The importance of considering the entropy trace of the Schelling model is stated in the work of40 where the authors argue that the transformations of the grid states could be caused by ’entropic’ effects and since those results presented are based upon ratios of agent population features it leaves the task of computing the entropy trace as a worthy pursuit to complete. From a more general perspective for systems theory41, poses the question of “does the second law of thermodynamics apply to social systems or not?” and the Schelling model can help in answering this question if the model captures more key variables. In42 a description can be found for the scope of using entropy in general for sociological modeling. Reference43 describes how economic factors can be reasoned about with entropy and their relation to econophysics.

Methodology

The outline of the methodology will follow a similar notation set used in25. The grid in which residents are placed and allowed to move within will be represented by a lattice \(\Lambda \) of \(d=2\). Each position within \(\Lambda \) is referred to as a cell of which there are a total of \(N = |\Lambda |\) and are indexed linearly via \(n \in [1,\ldots ,N]\). The square lattice will have \(N=192\) and 70 agents for each group so that the maximum satisfaction for the grid is 140 (each agent of each group label having a satisfied homogeneity).
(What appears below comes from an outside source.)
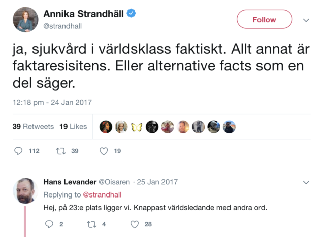 För två år sedan proklamerade Socialförsäkringsminister Annika Strandhäll att Sverige har ”sjukvård i världsklass faktiskt” och hävdade vidare att: ”Allt annat är faktaresistens. Eller alternative facts som en del säger”.
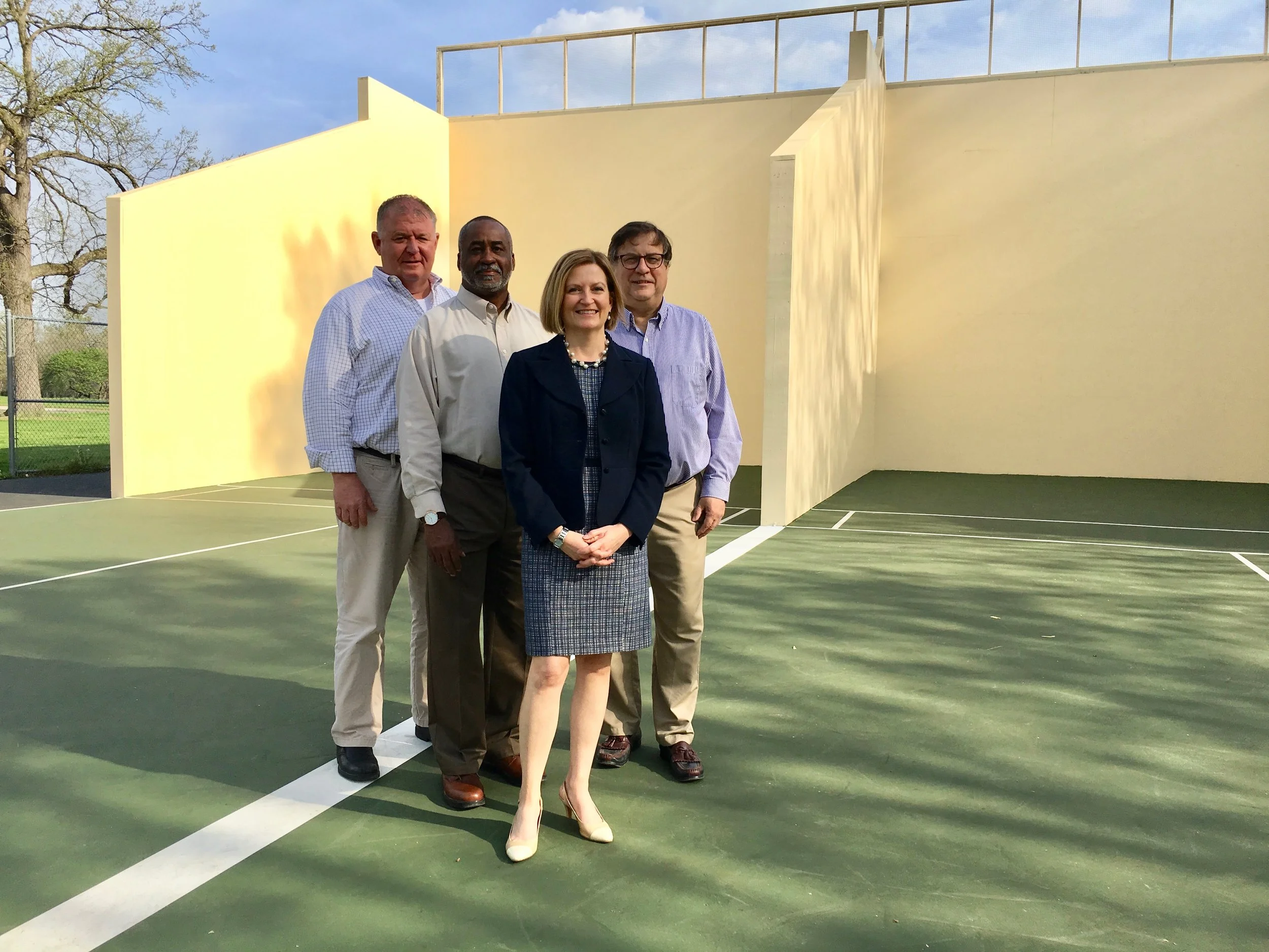 Representatives from Forest Park Forever and the City of St. Louis met to tour the newly refurbished courts after the work was completed. Forest Park Forever President and Executive Director Lesley S. Hoffarth commented on the importance of maintaining assets like the handball courts: "Throughout every season you will see people using these handball courts, which provide a welcoming space to compete and have fun and a place to build community for so many St. Louisans. We are excited that these improvements have been completed and grateful to those who helped make them possible."

In this study there are 2 type of residents and three types of cell memberships, \(m_n \in \{m_{group1},m_{group2},m_{empty}\}\). The residential macrostate variable that is the number of agents on the grid which have their local homogeneity satisfied is denoted by R, and the grid total number of agents surrounded by other agents with income brackets (as described in the Data section of the Supplemental Information) close to its own, is the monetary macrostate variable I. The density of the space for these variables is estimated through sampling and the entropy calculations on this space (RI) is produced.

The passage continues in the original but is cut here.